A word of warning: Julian Wood wrote a blog article about a firmware update that kills Broadcom NICs in HP ProLiant G2 up to G7 servers. He also links to a customer advisory from HP. Following NICs are affected:

  • HP NC373T PCIe Multifunction Gig Server Adapter
  • HP NC373F PCIe Multifunction Gig Server Adapter
  • HP NC373i Multifunction Gigabit Server Adapter
  • HP NC374m PCIe Multifunction Adapter
  • HP NC373m Multifunction Gigabit Server Adapter
  • HP NC324i PCIe Dual Port Gigabit Server Adapter
  • HP NC326i PCIe Dual Port Gigabit Server Adapter
  • HP NC326m PCI Express Dual Port Gigabit Server Adapter
  • HP NC325m PCIe Quad Port Gigabit Server Adapter
  • HP NC320i PCIe Gigabit Server Adapter
  • HP NC320m PCI Express Gigabit Server Adapter
  • HP NC382i DP Multifunction Gigabit Server Adapter
  • HP NC382T PCIe DP Multifunction Gigabit Server Adapter
  • HP NC382m DP 1GbE Multifunction BL-c Adapter
  • HP NC105i PCIe Gigabit Server Adapter

Don’t update the affected NICs with the HP Smart Update Manager (HP SUM) or the HP Service Pack for ProLiant (HP SPP) 2014.2.0. If you update one of the affected NICs with the firmware smart component be sure to avoid updating the Comprehensive Configuration Management (CCM) firmware to version 7.8.21.

EDIT: Hewlett-Packard published HP Service Pack for ProLiant (SPP) Version 2014.02.0(B), which addresses several issues, not only the Issue with Broadcom NICs.

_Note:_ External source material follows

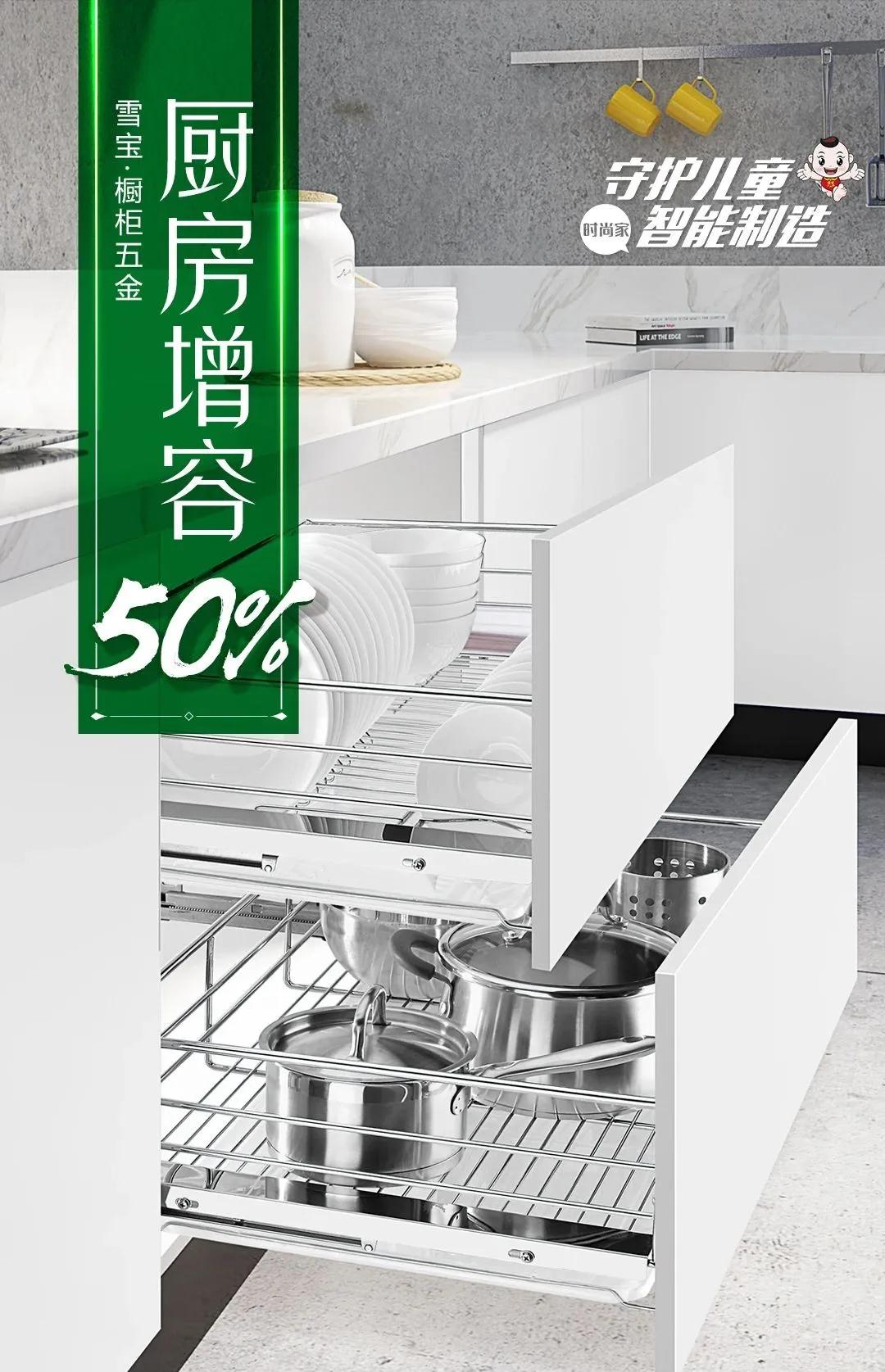廚房的使用率算是非常頻繁的,許多有廚房裝修遺憾的業(yè)主,五金件沒選好是一部分原因,另外就是使用過程中收納糟心,大大降低了廚房的使用壽命。雪寶五金本次最新推出的幾款櫥柜五金產(chǎn)品,就是帶著走心的設計需求,為每一位精致生活的您帶來廚房增容神器,輕輕松松搞定廚房收納,讓廚房空間增容50%。

This is taken from the HP website:

This updated version of the SPP was released to address the OpenSSL issue.  See HPN Customer Notice: OpenSSL HeartBleed Vulnerability.  Additionally for Red Hat Enterprise Linux 6 customers, please reference the Red Hat knowledge base article, OpenSSL CVE-2014-0160.  Products affected:

  • HP Onboard Administrator for Windows and Linux version 4.12 replaced 4.11
  • HP System Management Homepage for Windows and Linux version 7.3.2 replaced 7.3.1.4
  • HP Integrated Lights-Out 2 for Windows and Linux version 2.25 replaced 2.23
  • HP BladeSystem c-Class Virtual Connect Firmware, Ethernet plus 4/8Gb 20-port and 8Gb 24-port FC Edition Component for Windows and Linux version 4.10(b) replaced 4.10
  • HP Smart Update Manager version 6.3.1 replaced 6.2.0

This release also resolves the Broadcom Comprehensive Configuration Management Firmware issue with version 7.8.21 found in the Service Pack for ProLiant 2014.02.0.  See Customer Advisory c04258304 for additional information.

Thanks to Rotem Agmon, who has posted a comment with this information.